> **What to work on**
Beginning with the line that holds "Before we proceed, let's" and ending with the last line below, repeat each line exactly, leaving any pictures out.

> **Supplied information**
*** Block opens ***
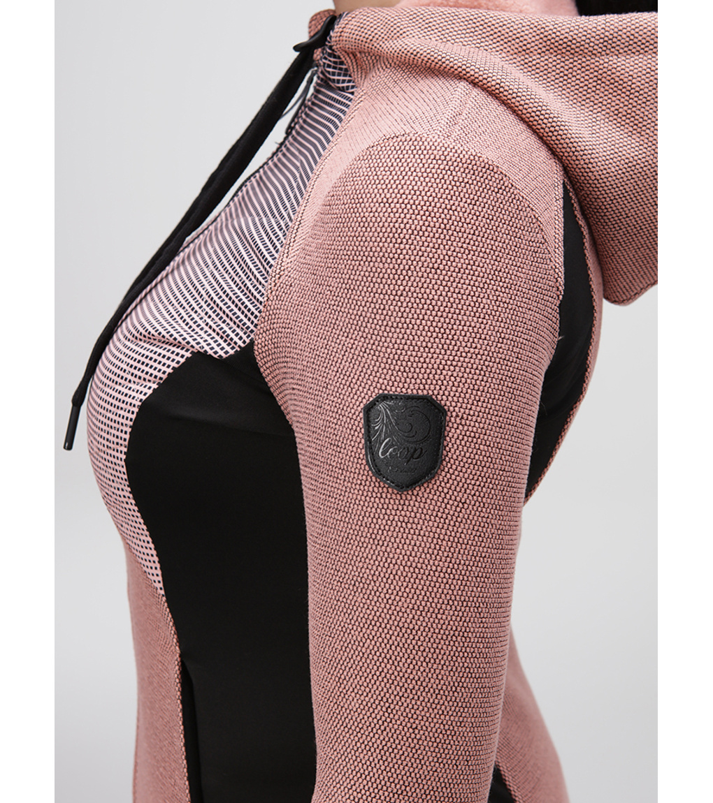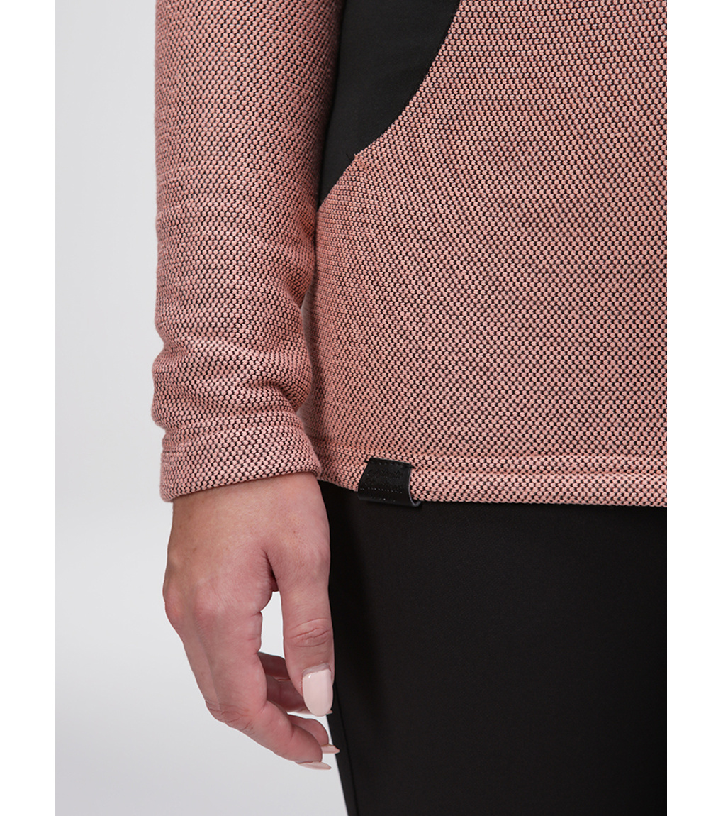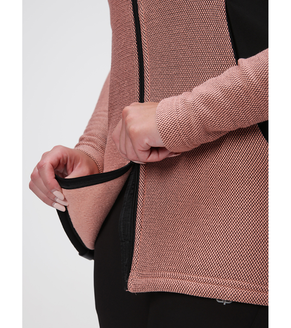 W damskim swetrze sportowym Loap GALIPA zakochasz się już od pierwszego założenia. Niezależnie od tego, czy zastosujesz go jako drugą funkcjonalną warstwę odzieży, czy też samodzielnie, zawsze sprawdzi się świetnie. Sweter wykonany jest z dwustronnie czesanej dzianiny ULTRAWARM, która rozgrzewa i utrzymuje ciepło, a w przedniej części klatki piersiowej dodatkowo uzupełniony ociepleniem z włókien POLYTHERM. Właściwości użytkowe swetra wspiera także wzmacniająca technologia STORMEX, która zapewnia ochronę przed deszczem i silnym wiatrem. Podszewka z tafty zapewnia wygodne dopasowanie, a dzięki elastycznym panelom bocznym sweter dobrze się układa, nie krępując w żaden sposób ruchów. Sweter ma klasyczny krój o lekko przedłużonej długości, ma zintegrowany kaptur regulowany sznurkiem oraz praktyczne zapięcie na spiralny zamek błyskawiczny z metalicznym efektem. Dodatkowo wyposażony jest w osłonę podbródka. Zarówno dolny brzeg, jak i rękawy nie mają ściągacza. Dopracowany sportowy wygląd uzupełniają dwie kieszenie zapinane na zamek.
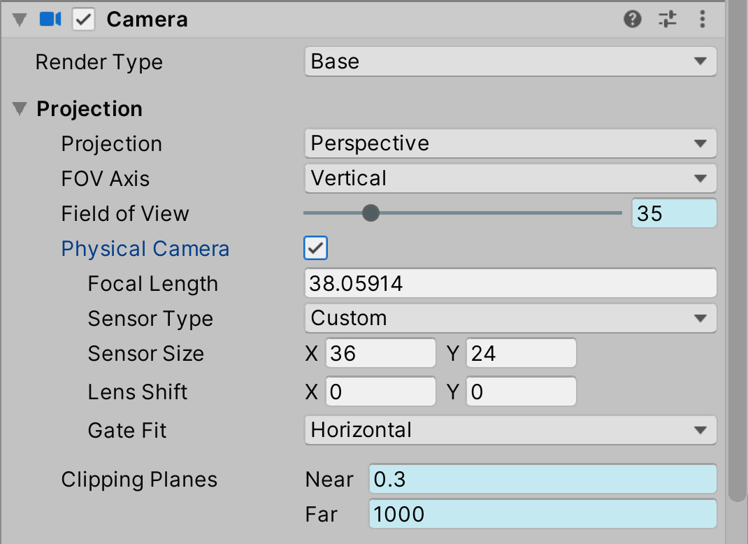 Before we proceed, let's modify a setting in our Main Camera that will make setting up our Virtual Cameras easier for those familiar with physical lenses or cameras in a DCC, such as Maya.
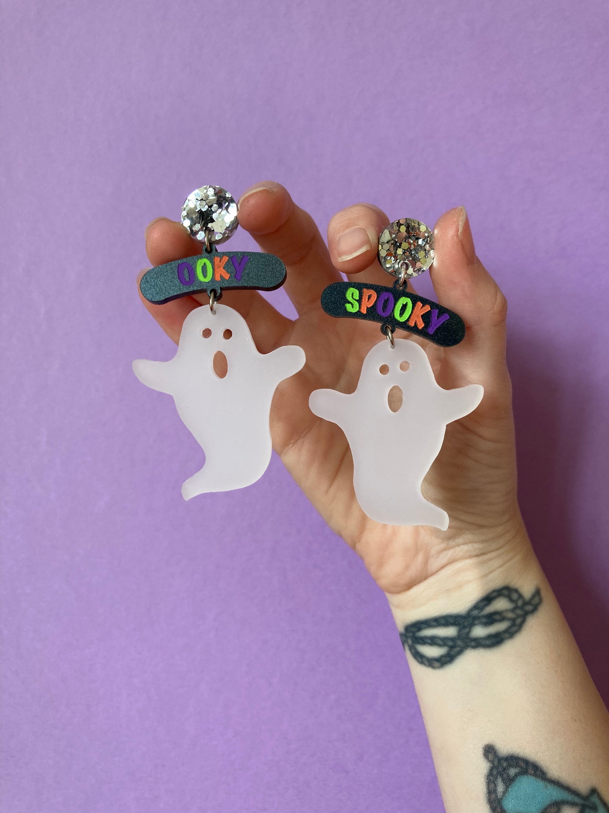 Frosted white ghosts suspended from chunky silver glitter discs with black curved acrylic bars engraved with the words 'ooky spooky'
*** Block closes ***
> **Response to the exercise**
 Before we proceed, let's modify a setting in our Main Camera that will make setting up our Virtual Cameras easier for those familiar with physical lenses or cameras in a DCC, such as Maya.
 Frosted white ghosts suspended from chunky silver glitter discs with black curved acrylic bars engraved with the words 'ooky spooky'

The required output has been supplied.